PROJECT SUMMARY Rodent-borne viral outbreaks are increasing in both frequency and impact. As weather patterns evolve, rodent populations are affected and may multiply in areas where increased contact with humans results in infection. Hantaviruses, including Andes (ANDV) and Sin Nombre (SNV), are transmitted through the excreta of infected rodents and, when aerosolized, infect humans. In the Americas, hantavirus infection leads to hantavirus cardiopulmonary syndrome (HCPS), a devastating condition that features rapid onset of pulmonary edema, respiratory failure and cardiogenic shock. Treatment is supportive, not pathogen-targeted, and accordingly, approximately 40% of patients do not survive. Because hantaviruses establish lifelong, asymptomatic infections in their rodent reservoirs, they are highly prevalent in nature and represent a constant threat to humans. For example, SNV is carried by the most abundant mammal in North America, the deer mouse, which has a near ubiquitous distribution throughout the US and Canada. In the case of the South American ANDV, in addition to rodent-to-human transmission, human-to-human transmission occurs, putting not only the patient, but also family members and health care workers at risk. Despite this large potential for infection and the high case fatality rate, there are no FDA-approved treatment options or vaccines available. Hantaviruses are thus classified as NIAID Priority Pathogens and considered potential bioterrorism threats. Our long term goal is to develop an effective therapeutic against HCPS-causing hantaviruses. This proposal seeks to develop human neutralizing antibodies for therapeutic and/or prophylactic treatment of HCPS caused by ANDV. We have assembled a multidisciplinary team of molecular virologists, clinicians, and industry partners with experience developing antibody-based therapeutics. The successful development of a potent neutralizing antibody against ANDV has the potential to be a first-line antiviral for the treatment or prevention of HCPS.

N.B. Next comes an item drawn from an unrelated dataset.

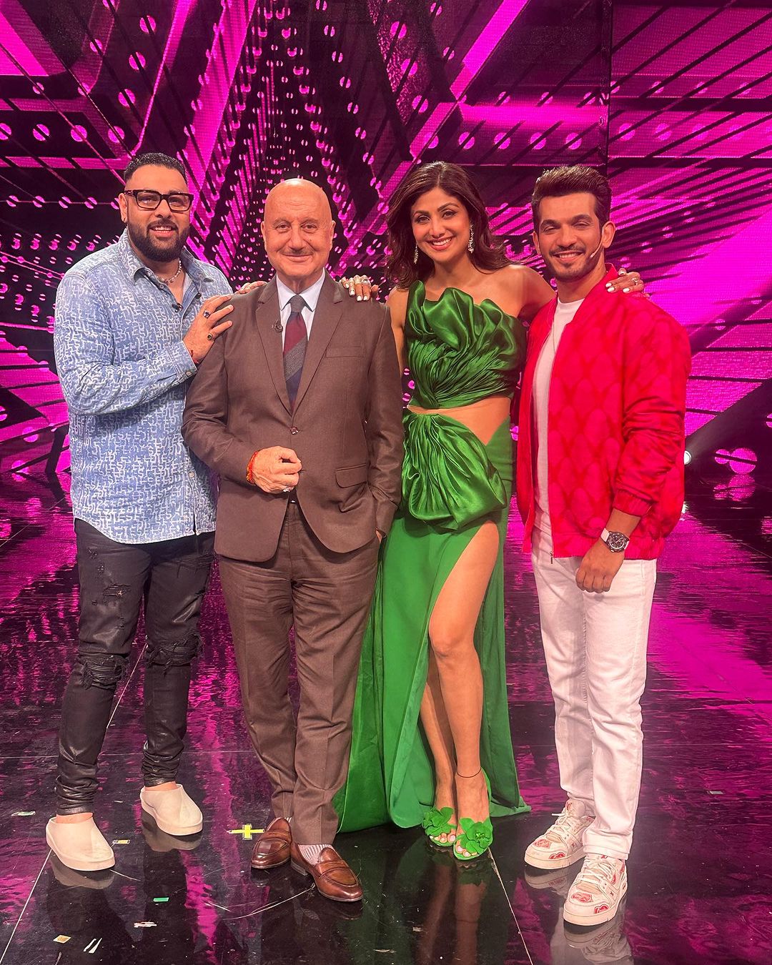 अनुपम खेर ने रविवार को अपने इंस्टाग्राम अकाउंट पर शिल्पा शेट्टी, बादशाह और शो के होस्ट अर्जुन बिजलानी के साथ इंडियाज गॉट टैलेंट के मंच से एक फोटो शेयर की। इस फोटो में सभी कैमरा के लिए स्माइल करते हुए नजर आ रहे हैं।

项目摘要 啮齿动物传播的病毒暴发在频率和影响方面都在增加。随着天气模式的发展，啮齿 人口受到影响，可能会在与人类接触增加的地区繁殖导致感染。 汉坦病毒，包括安第斯山脉（ANDV）和罪恶Nombre（SNV），通过感染的排泄传播 啮齿动物，当雾化后，会感染人类。在美洲，汉塔病毒感染导致汉坦病毒 心肺综合征（HCP），一种毁灭性疾病，具有肺水肿的快速发作， 呼吸衰竭和心源性休克。治疗是支持性的，而不是病原体的靶向，因此 大约40％的患者无法生存。因为汉坦病毒建立终身，无症状 在啮齿动物的储层中感染，它们在本质上非常普遍，并代表着对 人类。例如，SNV是由北美最丰富的哺乳动物携带的 在美国和加拿大的分布几乎无处不在。就南美和南美洲而言 除了啮齿动物到人类的传播外，还会发生人类到人类传播，不仅使患者， 而且家庭成员和卫生保健工作者处于危险之中。尽管感染了很大的潜力和高 病例死亡率，没有FDA批准的治疗方案或疫苗可用。因此，汉坦病毒是 归类为NIAID优先病原体，并认为潜在的生物恐怖威胁。我们的长期目标是 针对引起HCPS的汉坦病毒开发有效的治疗方法。 该提案旨在开发人类中和抗体的治疗和/或预防治疗的抗体 由ANDV引起的HCP。我们组建了一个分子病毒学家，临床医生和 具有开发基于抗体的治疗剂的经验的行业合作伙伴。成功发展 对ANDV的有效中和抗体具有治疗或 预防HCP。